Między miłością a zazdrością
Trzy kobiety mieszkają w nowoczesnym wieżowcu w wielkim mieście. Nie znają się osobiście. Aż do momentu, gdy któregoś dnia Helen, znana prawniczka, wiodąca atrakcyjne i szczęśliwe życie, dostaje zaskakujący faks, od Yany, która w ten niekonwencjonalny sposób informuje Helen o swoim romansie z jej mężem. Z czasem do gry o miłość dołącza ta trzecia, najmłodsza Iris.
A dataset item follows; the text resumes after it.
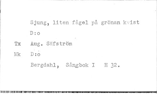 //// Sjung, liten fågel på grönan kvist D: o //// Tx Aug. Säfström Mk D:o //// Bergdahl, Sångbok I H 32.
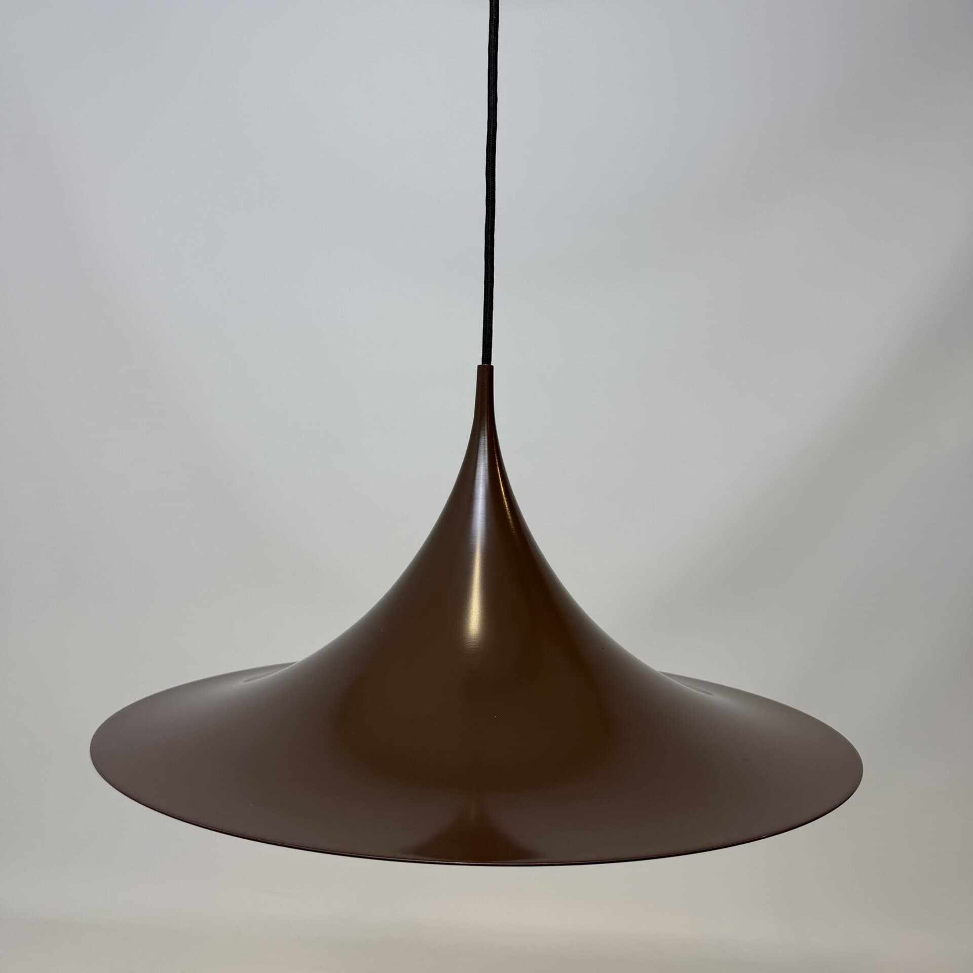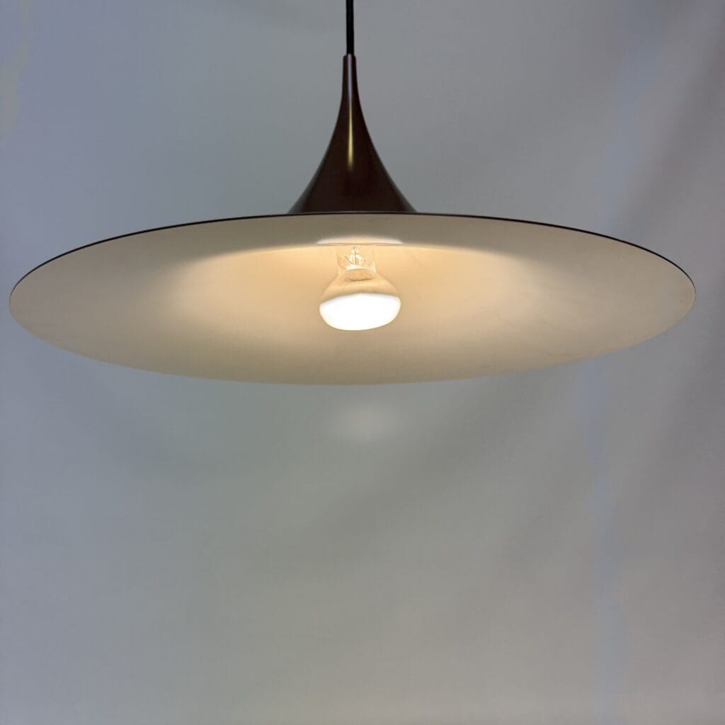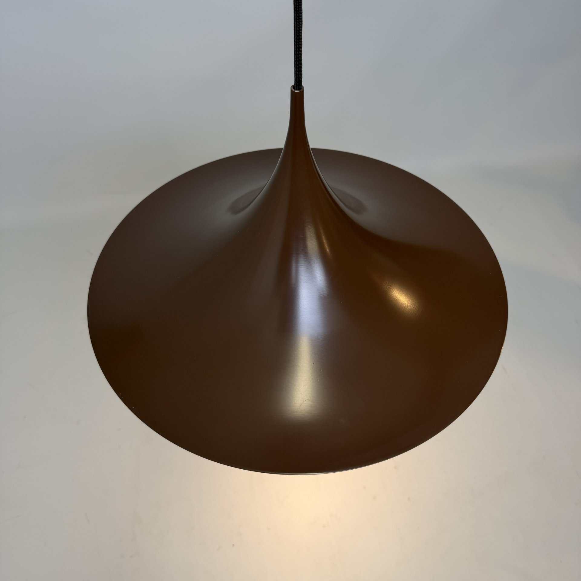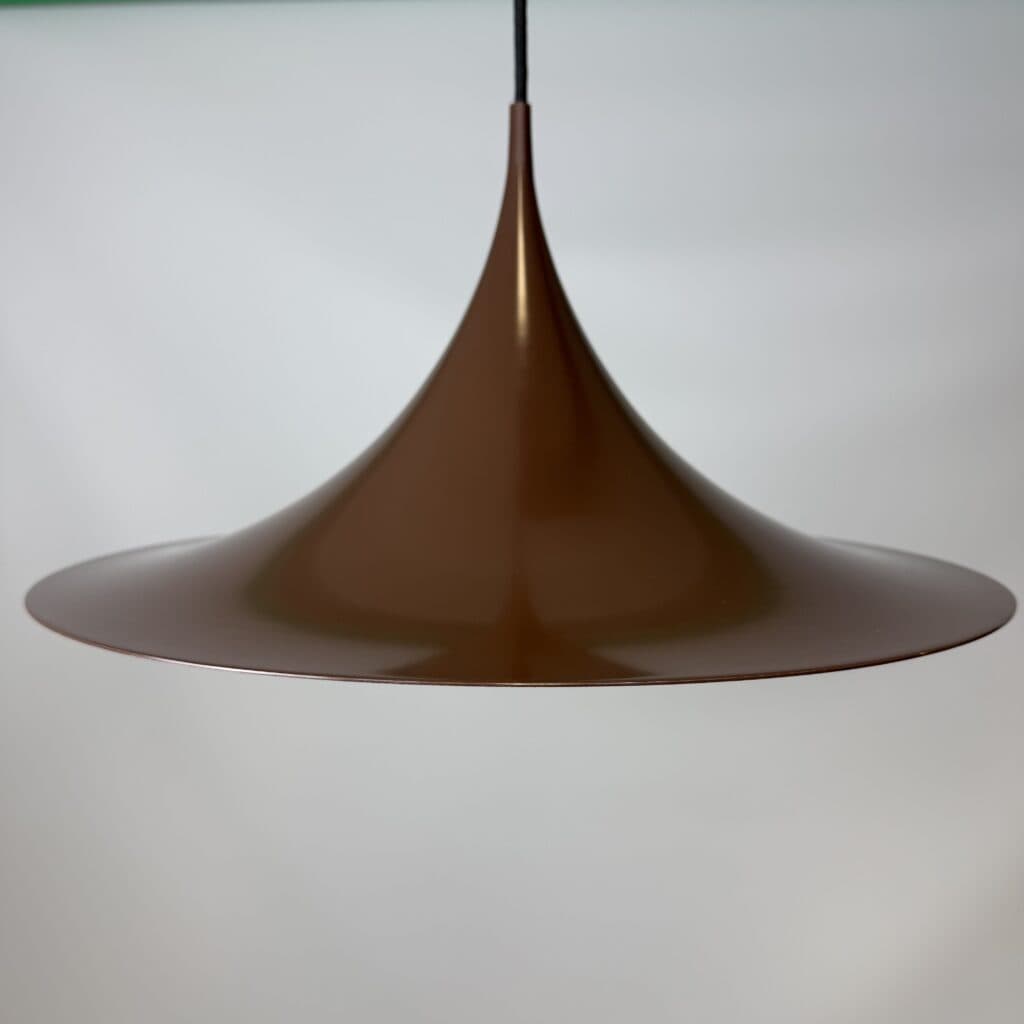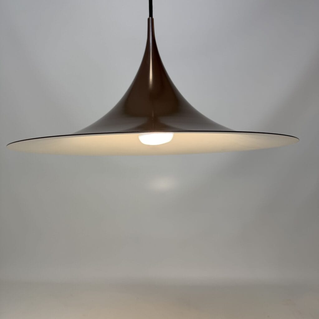 This metal lamp with has a lacquered brown exterior and white interior for optimal light reflection It has a cord for hanging it to the ceiling

"Zazdrość" Esther Vilar, z dużym wdziękiem wyreżyserowana w tarnowskim teatrze przez Grażynę Barszczewską, to nie tylko historia miłości, zazdrości, bólu i zranionej dumy. To także opowieść o perwersyjnej grze, którą prowadzą trzy kobiety walczące o miłość jednego mężczyzny. Z tej gry wynika, że zazdrość może silniej angażować niż miłość. Mówi o tym Helen: "Wychwalana od wieków miłość jest bagatelą w porównaniu z tą diabelską zazdrością. Tak, zazdrość to jest szczęście".
Tę opowieść, łączącą w sobie elementy komediowe, farsowe z ironiczną refleksją na temat psychiki kobiet, zobaczymy 15 listopada o godz. 19.15 na scenie Teatru Bagatela, gdzie spektakl zaprezentuje Tarnowski Teatr im. Ludwika Solskiego. Gościnnie, w roli Helen - Grażyna Barszczewska, która powiedziała nam o bohaterkach sztuki: - "Są silnymi osobowościami, prezentującymi bardzo określone postawy, świadomymi swoich racji. Są różne, ale mają wspólny mianownik: potrafią żebrać o miłość".
Sprzedaż biletów (20-35 zł) w kasie teatru.